Bad example #2:  Waiting too long to give feedback.

• Giving an employee a performance appraisal six months late.

Bad example #3:  Being lazy.

• Using the employee’s self appraisal as the final appraisal, without the manager adding any of his or her own comments.

Bad example #4:  Never awarding the highest rating possible, to anyone.

• If a one is the best rating and a five is the worst rating, no one ever earns a one.

Bad example #5:  Holding people to expectations and standards but not sharing those expectations.

• Not clarifying at the beginning of the year what the expectations are and what a good job looks like.

Bad example #6:  Never giving employees feedback about their performance.

• Writing performance appraisals and documenting performance issues, but giving none of the written or verbal feedback to the employee.

Bad example #7:  Giving small amounts of vague feedback.

• Giving little to no data in the review because the manager didn’t work closely enough with the employee to observe performance directly and didn’t ask others in the organization to provide feedback.

Bad example #8 (I received this example SEVERAL times): Providing only a written appraisal.

• Handing an employee a written appraisal while in a meeting with other people and never having a conversation.

This is just hilarious:

“During my annual performance appraisal I was asked if I was manic.
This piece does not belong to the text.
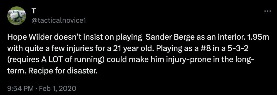 When you make a club record signing, it's in your interest to protect your asset. Sander Berge arrived with a history of injuries. In February 2020, one Tweeter made an astonishingly prescient argument about the relationship between Berge's positioning and possible injury.

After a moment or two of trying to understand what my supervisor meant by the comment, I finally asked. My supervisor replied, “Well, you are so upbeat about your job all the time, I just thought you were manic. Nobody can be that happy about working here.””

The winner for being the ‘best of’ the worst:

My manager tossed my performance appraisal on my desk saying, “Just look this over and sign it. I want it back by the end of the day.” Of course, the appraisal was full of feedback and expectations that I had never received.

I told my manager, “There is a lot of information here that was never discussed with me. I would have liked the opportunity to discuss these issues before it showed up in my review.”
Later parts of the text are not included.